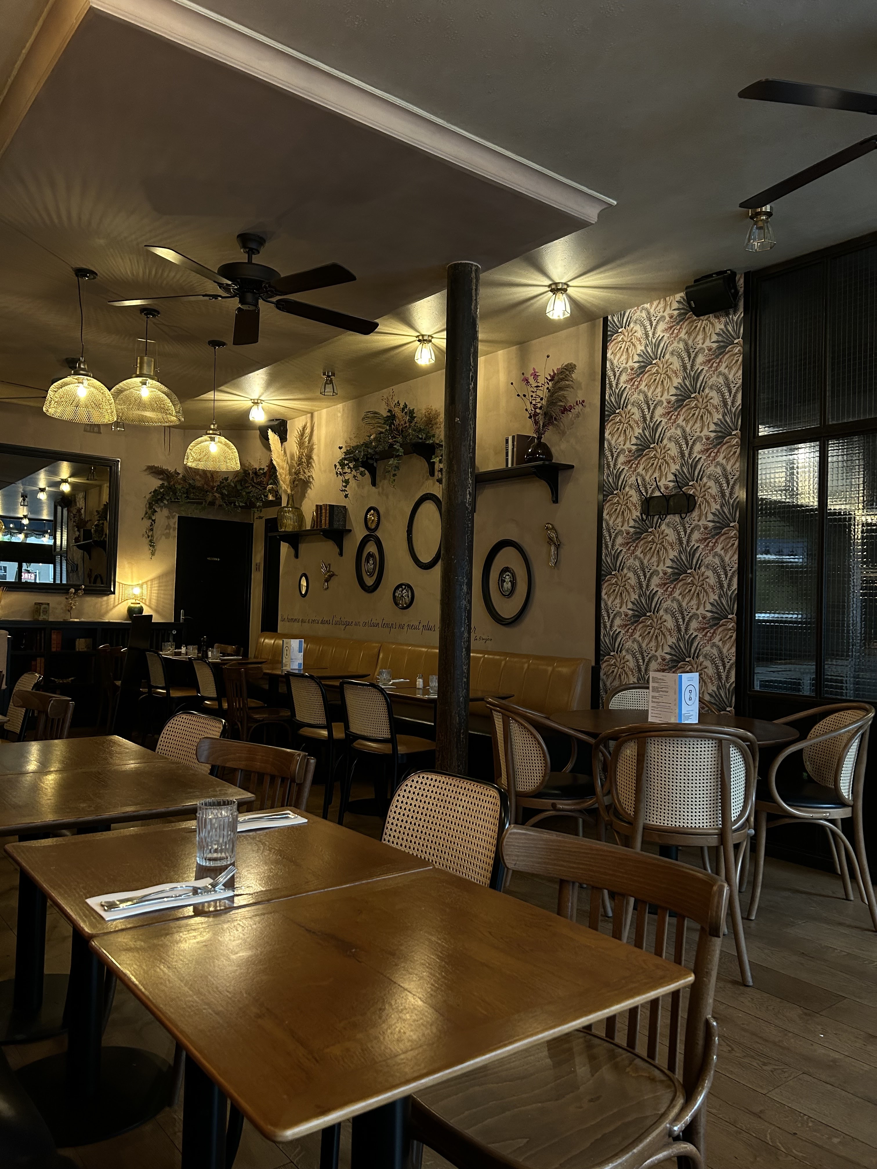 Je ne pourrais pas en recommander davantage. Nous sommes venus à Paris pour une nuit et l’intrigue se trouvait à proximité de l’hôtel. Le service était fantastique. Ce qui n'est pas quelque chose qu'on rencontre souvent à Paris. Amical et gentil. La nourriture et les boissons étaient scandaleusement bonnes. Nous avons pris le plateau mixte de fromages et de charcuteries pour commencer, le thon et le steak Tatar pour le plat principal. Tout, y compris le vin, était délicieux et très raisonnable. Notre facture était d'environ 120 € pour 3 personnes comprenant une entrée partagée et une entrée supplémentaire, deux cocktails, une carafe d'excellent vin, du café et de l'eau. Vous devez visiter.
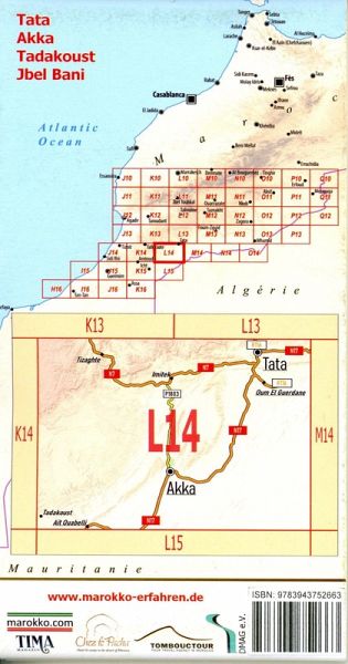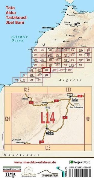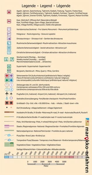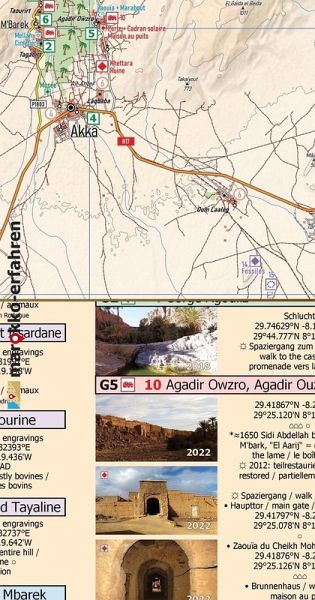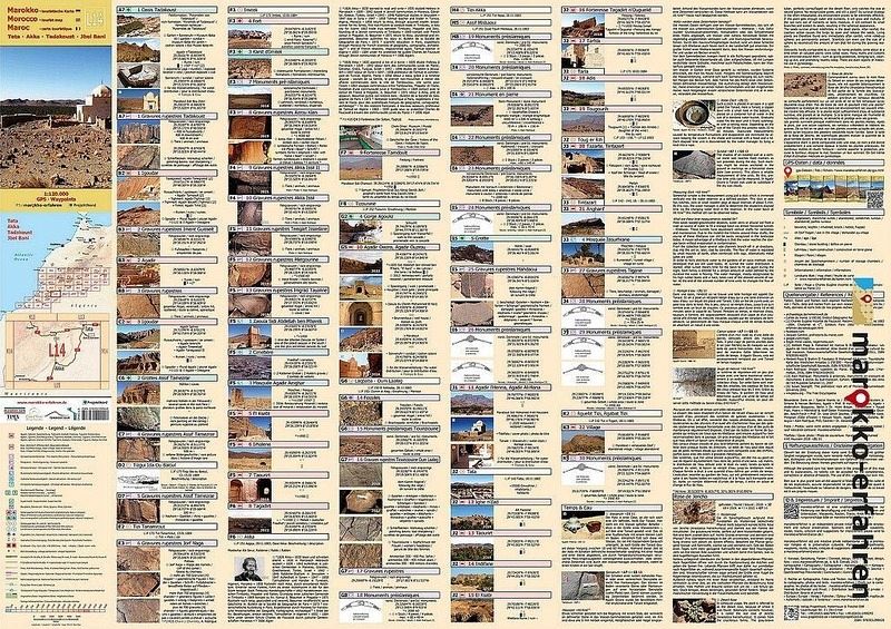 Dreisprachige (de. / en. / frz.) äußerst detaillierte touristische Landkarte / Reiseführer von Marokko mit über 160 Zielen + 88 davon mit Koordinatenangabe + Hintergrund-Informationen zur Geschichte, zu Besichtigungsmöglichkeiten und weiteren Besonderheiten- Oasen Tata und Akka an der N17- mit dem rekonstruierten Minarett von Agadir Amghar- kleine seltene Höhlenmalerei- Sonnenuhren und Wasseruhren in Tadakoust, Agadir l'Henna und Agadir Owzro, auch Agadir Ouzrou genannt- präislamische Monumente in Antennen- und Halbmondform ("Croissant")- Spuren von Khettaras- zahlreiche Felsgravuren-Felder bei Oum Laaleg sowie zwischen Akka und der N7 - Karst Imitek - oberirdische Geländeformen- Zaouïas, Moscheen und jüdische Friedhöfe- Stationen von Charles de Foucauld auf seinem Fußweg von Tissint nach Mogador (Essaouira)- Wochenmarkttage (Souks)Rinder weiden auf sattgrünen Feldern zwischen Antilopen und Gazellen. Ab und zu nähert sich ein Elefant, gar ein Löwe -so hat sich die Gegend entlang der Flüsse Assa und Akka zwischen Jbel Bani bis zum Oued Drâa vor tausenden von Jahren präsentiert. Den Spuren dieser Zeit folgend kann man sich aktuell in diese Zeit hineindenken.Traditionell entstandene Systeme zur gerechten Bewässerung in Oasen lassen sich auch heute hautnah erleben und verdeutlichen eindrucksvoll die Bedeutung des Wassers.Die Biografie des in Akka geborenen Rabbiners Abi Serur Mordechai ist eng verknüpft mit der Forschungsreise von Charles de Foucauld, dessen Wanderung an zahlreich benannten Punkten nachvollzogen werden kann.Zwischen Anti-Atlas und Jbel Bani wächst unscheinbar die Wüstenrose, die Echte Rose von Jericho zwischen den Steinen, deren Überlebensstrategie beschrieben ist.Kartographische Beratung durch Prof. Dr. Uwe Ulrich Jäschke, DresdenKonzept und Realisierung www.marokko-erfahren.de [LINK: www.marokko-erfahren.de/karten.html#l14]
● ● ● ● ●
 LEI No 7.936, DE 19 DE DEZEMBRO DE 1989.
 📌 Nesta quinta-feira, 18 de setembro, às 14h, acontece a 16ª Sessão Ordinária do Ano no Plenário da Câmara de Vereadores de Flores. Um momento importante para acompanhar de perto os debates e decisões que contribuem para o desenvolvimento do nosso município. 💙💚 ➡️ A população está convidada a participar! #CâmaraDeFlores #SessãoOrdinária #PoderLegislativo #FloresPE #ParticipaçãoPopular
● ● ● ● ●
Assignment:
Copy out the lines above exactly, beginning at the one that contains "LEI No 7.936, DE 19 DE DEZEMBRO DE 1989." and ending at the one that contains "#PoderLegislativo #FloresPE #ParticipaçãoPopular".

Exercise output:
 LEI No 7.936, DE 19 DE DEZEMBRO DE 1989.
 📌 Nesta quinta-feira, 18 de setembro, às 14h, acontece a 16ª Sessão Ordinária do Ano no Plenário da Câmara de Vereadores de Flores. Um momento importante para acompanhar de perto os debates e decisões que contribuem para o desenvolvimento do nosso município. 💙💚 ➡️ A população está convidada a participar! #CâmaraDeFlores #SessãoOrdinária #PoderLegislativo #FloresPE #ParticipaçãoPopular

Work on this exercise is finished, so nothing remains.